Having demonstrated his absolute sovereignty over the forces of life and death, God then explains to the prophet, in verses 11-14, the significance of the wonder he has just witnessed: God intends to do with the house of Israel what he has just done with these nameless bones. The dry bones represent Israel. Their situation was absolutely hopeless.
To this desolate condition, the prophet is commanded by God to prophesy a third time, in v12, to the Israelites themselves, announcing the Lord's intention to open the graves of the Israelites and to lead them back to the land of Israel. Having experienced this miraculous return to their homeland, the Israelites will acknowledge the sovereignty of God (v.13), and a loving God promises in v14 to put his Spirit upon this enlightened, restored people, bringing them to life, and establishing them once again as his covenant partners.
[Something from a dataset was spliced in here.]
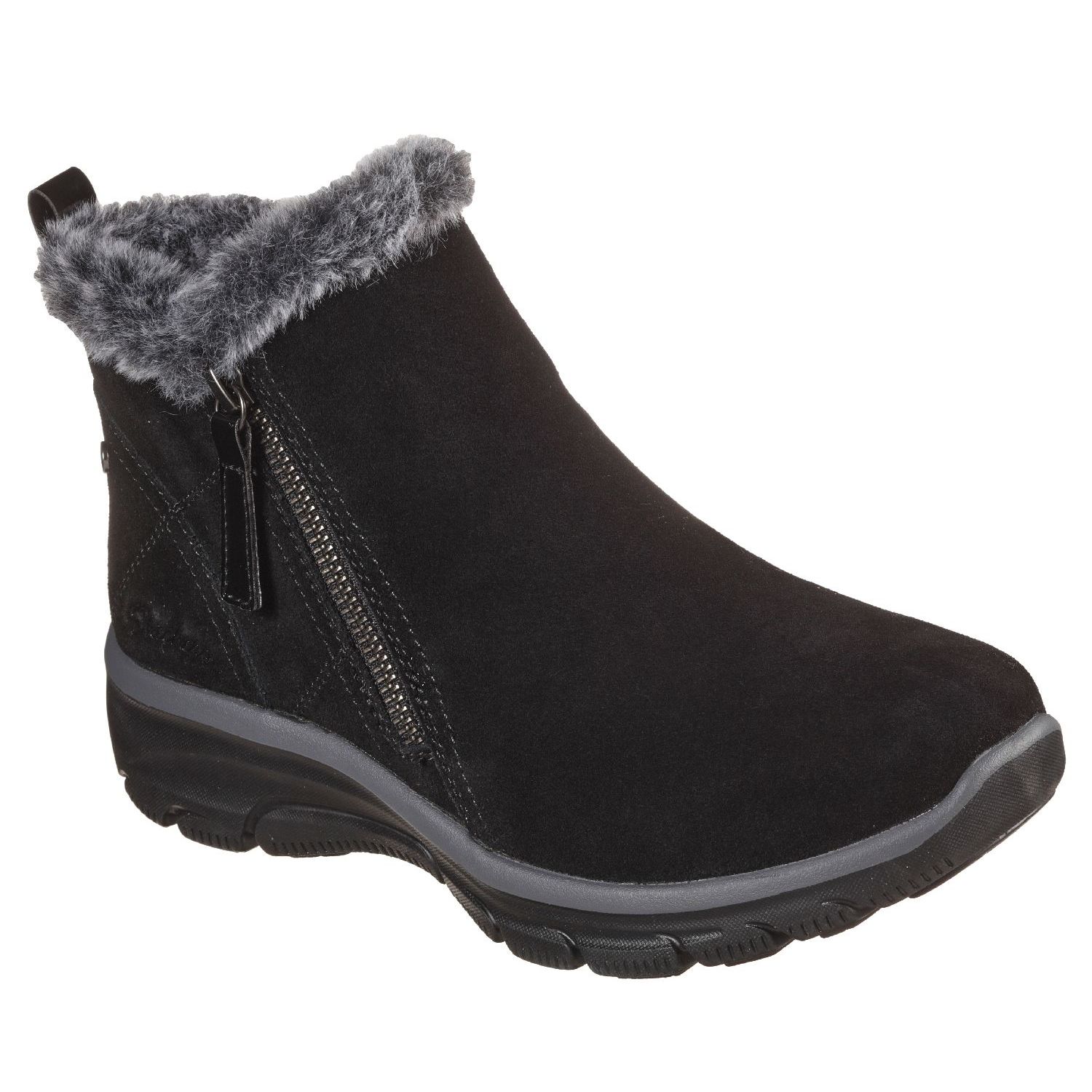De Skechers Easy Going High Zip is een zwarte halfhoge sneaker voor dames gemaakt van zwart suede. Het suede is geimpregneerd met 3M Scotchgard zodat vuil en vocht geen kans krijgen op deze luxe winterboots voor dames. Het laarsje is voorzien van een ritsje en een elastieke inzet voor een makkelijk instap. De stevige rubberzool en het air-cooled voetbed van memory foam geven een comfortabel gevoel, de easy fit wijdte geeft extra teenruimte.

Let us summarize then. No created power could restore human bones to life. God alone could cause them to live. Skin and flesh covered them, and the wind was then told to blow upon these bodies; and they were restored to life. The wind was a symbol of the Spirit of God, and represents God’s overcoming power. This vision of Ezekiel has three purposes.
First of all, it was to encourage the despondent Jews; to encourage them to believe that there can be a restoration after the Babylonian captivity. Secondly, the vision is also a intimation of the resurrection of the dead. Thirdly, it represents the power and grace of God, in the conversion of the most hopeless sinners. The Bible teaches that the sinner who is lost and far from Christ is in a completely hopeless condition, like this valley of dry bones. Sinners are absolutely unable to do anything about their condition. They are dead, dead in sin. Only the spirit of God breathing upon that sinner can enable him or her to turn to Christ and believe and be saved.
Let us then depend not upon ourselves for hope and salvation but upon God. Let us trust God to keep us by his power through faith unto salvation.
Think again upon Ezekiel’s first answer to God. God asked Ezekiel, "Mortal, can these bones live?" Does Ezekiel reply, "Yes! You can make it so!"? No. Does he reply, "No! They are bones, never to walk about again?” He does not. Ezekiel says, "Only you know, God. It is entirely up to you." Only God's will can make it so. Only God knows what hope can come to that person lost in sin. Only God knows what hope can come to that church that has lost the spirit.
How many churches are praying that they will come to life again? How many people feel a dryness in their spiritual bones? How many are yearning for empty lives to be filled?
The vision of the valley of bones is frightful. It is a vision of our death and our grave. We want to turn and look away, but everywhere we turn, there are more dry bones. Marriages fail. Relationships are broken. Anger and aggression and anxiety eat away at us. They dry us out. Our lives become dusty bones.
There is a dryness deep down in us that will not go away, a thirst that cannot be quenched. Some try drinking from false streams, the polluted rivers of power, possessions, sex, drugs, alcohol. Nothing we reach for, nothing within our grasp, can touch this eternal thirst. Who will preach to our bones? Who will breathe life into them?
In Jesus, who died and rose, these bones can live. They live by his Word and his Spirit. Christ can achieve the impossible. He can intervene in the lives of churches and in our own personal lives, renewing our spirit, giving us hope, giving us new life. Nothing is impossible with Christ. He can save the unsavable.